Task:
Starting at the line that contains "Als erstes Sindelfinger" and stopping at the line that contains "výtisku: ranní vydání;", transcribe every line of the material below exactly; pictures stay out.

Exercise data:
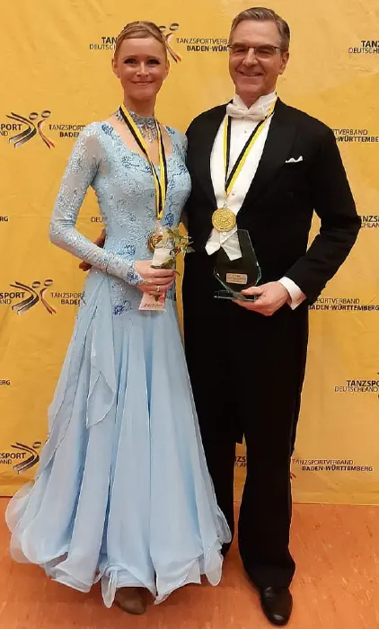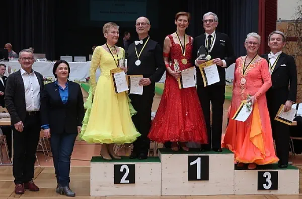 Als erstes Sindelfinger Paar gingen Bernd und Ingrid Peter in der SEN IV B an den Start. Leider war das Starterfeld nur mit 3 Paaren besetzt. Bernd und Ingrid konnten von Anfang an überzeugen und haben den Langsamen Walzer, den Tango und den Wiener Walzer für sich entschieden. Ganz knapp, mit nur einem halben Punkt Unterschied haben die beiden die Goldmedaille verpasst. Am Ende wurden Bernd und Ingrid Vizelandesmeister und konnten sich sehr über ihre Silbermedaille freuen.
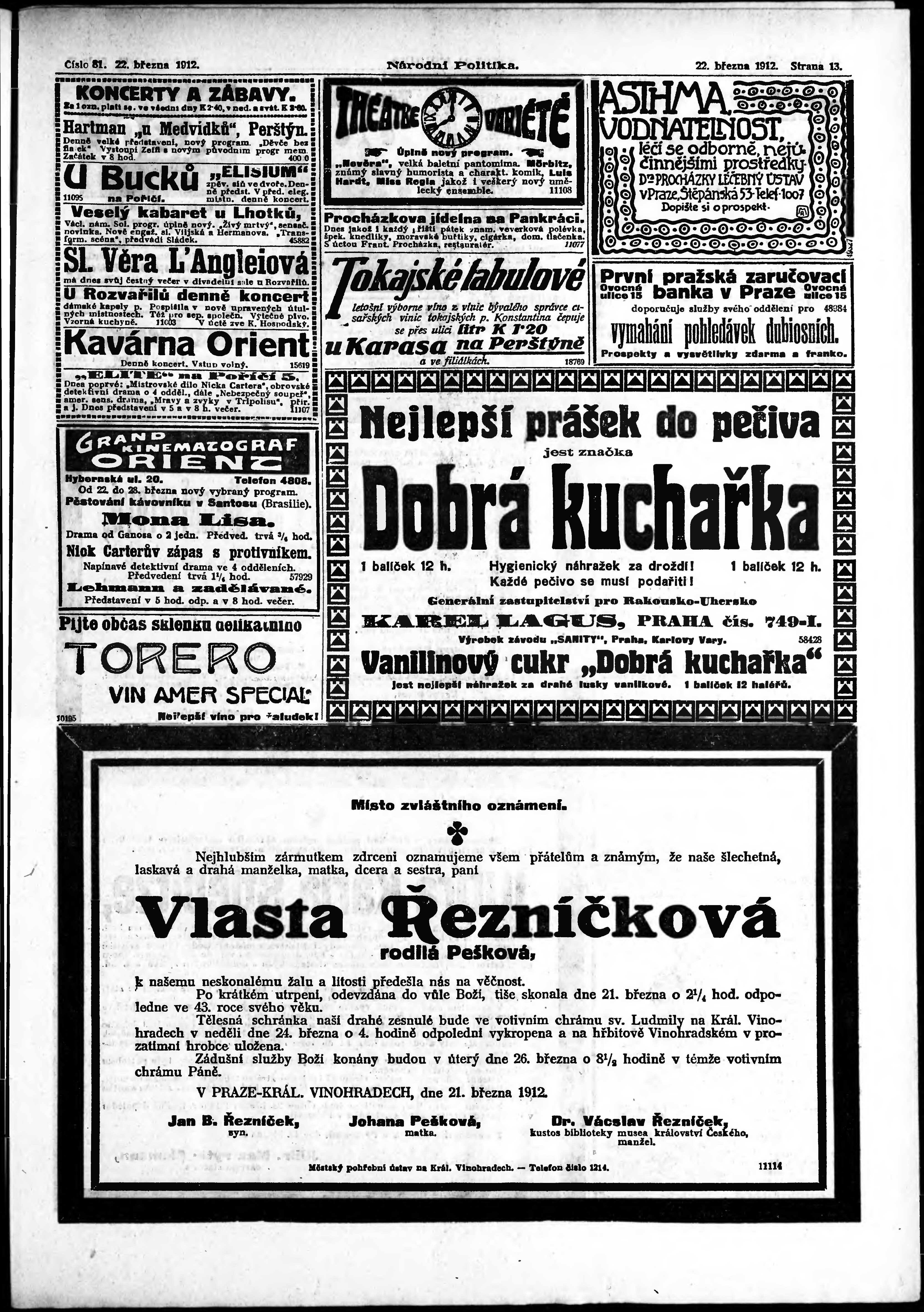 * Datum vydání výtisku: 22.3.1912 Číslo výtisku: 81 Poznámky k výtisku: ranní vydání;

---

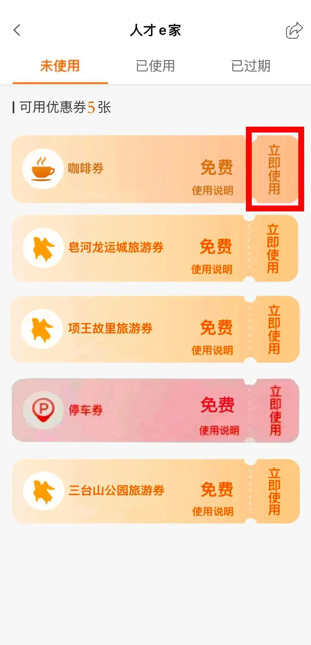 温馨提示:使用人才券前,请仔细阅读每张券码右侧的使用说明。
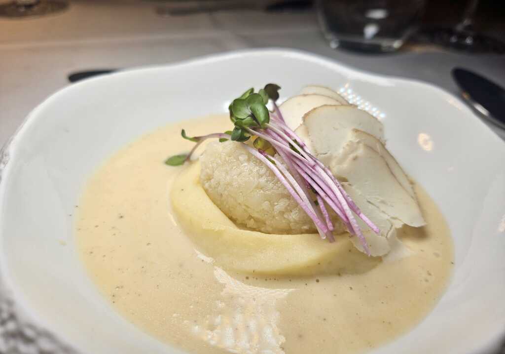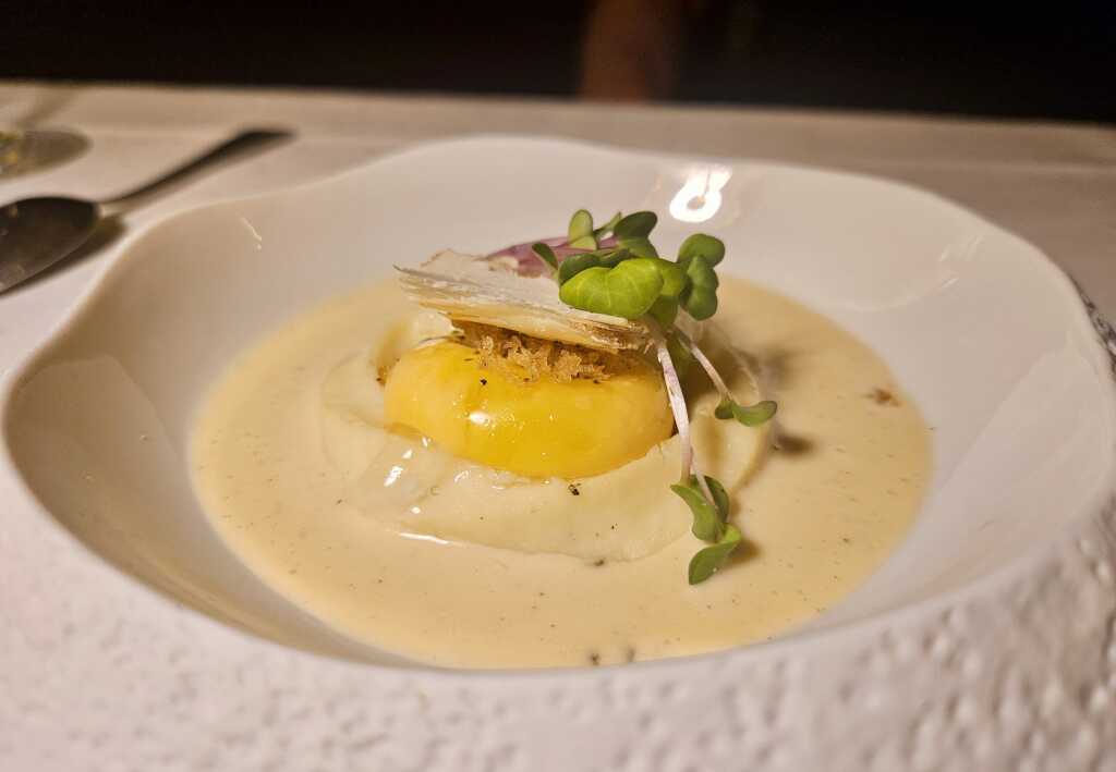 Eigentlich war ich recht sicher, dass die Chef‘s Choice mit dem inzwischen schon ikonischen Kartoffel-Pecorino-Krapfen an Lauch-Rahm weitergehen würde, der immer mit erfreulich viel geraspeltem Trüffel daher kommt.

Answer to the problem:
 Als erstes Sindelfinger Paar gingen Bernd und Ingrid Peter in der SEN IV B an den Start. Leider war das Starterfeld nur mit 3 Paaren besetzt. Bernd und Ingrid konnten von Anfang an überzeugen und haben den Langsamen Walzer, den Tango und den Wiener Walzer für sich entschieden. Ganz knapp, mit nur einem halben Punkt Unterschied haben die beiden die Goldmedaille verpasst. Am Ende wurden Bernd und Ingrid Vizelandesmeister und konnten sich sehr über ihre Silbermedaille freuen.
 * Datum vydání výtisku: 22.3.1912 Číslo výtisku: 81 Poznámky k výtisku: ranní vydání;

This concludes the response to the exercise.